Gse v0.10.0 released, Go high-performance word segmentation

  

Go language efficient word segmentation, support English, Chinese, Japanese, etc.

The dictionary is implemented with a double-array trie (Double-Array Trie), and the tokenizer algorithm is the shortest path based on word frequency plus dynamic programming.

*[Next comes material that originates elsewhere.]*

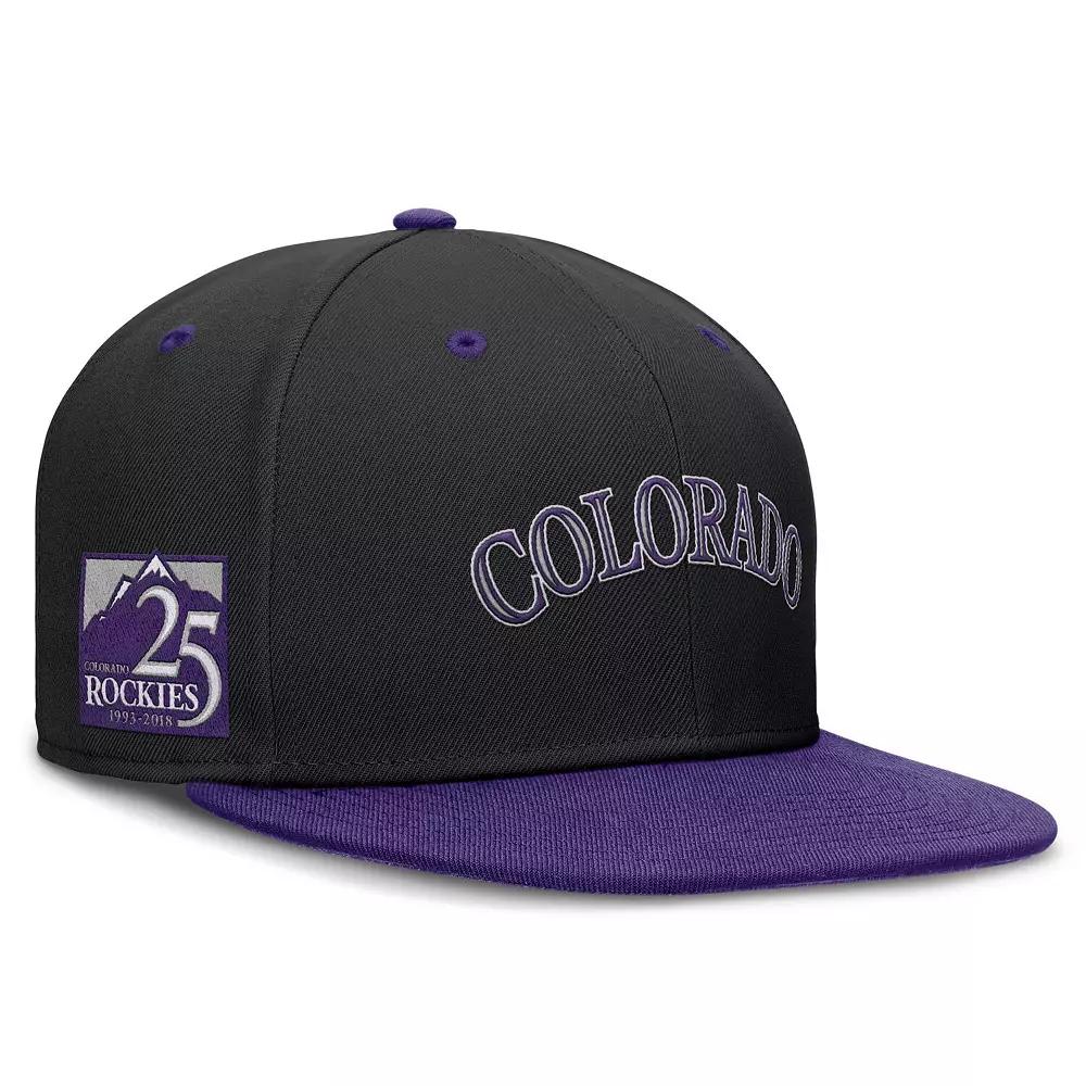 Commemorate the Colorado Rockies 25th anniversary with this True Primetime Two-Tone Performance Fitted Hat from Nike. This commemorative hat celebrates the Colorado Rockies 25th anniversary with a unique graphic on the right side, making it a must-have for any diehard fan. The high crown and structured fit provide a modern and comfortable feel, while the embroidered team logo on the front and wordmark on the back proudly display your Rockies pride.Commemorate the Colorado Rockies 25th anniversary with this True Primetime Two-Tone Performance Fitted Hat from Nike. This commemorative hat celebrates the Colorado Rockies 25th anniversary with a unique graphic on the right side, making it a must-have for any diehard fan. The high crown and structured fit provide a modern and comfortable feel, while the embroidered team logo on the front and wordmark on the back proudly display your Rockies pride.PRODUCT FEATURESFlat billFittedHigh CrownOfficially licensedSix panels with eyeletsMaterial: 100% PolyesterImportedGraphic on right side commemorates the franchises 25th anniversaryContrast-color underbillWipe clean with a damp clothDri-FIT technology wicks away moistureStructured fitEmbroidered team logo on front and wordmark on backBrand: Nike Size: 7. Color: Black. Gender: male. Age Group: adult.

It supports two word segmentation modes, ordinary and search engine, supports user dictionary, part-of-speech tagging, and can run JSON RPC service.

package main


import (
"fmt"


"github.com/go-ego/gse"
)


func main() {
was seg gse.Segments
seg.LoadDict("zh,testdata/test_dict.txt,testdata/test_dict1.txt")


text1 := []byte("Hello world, Hello world")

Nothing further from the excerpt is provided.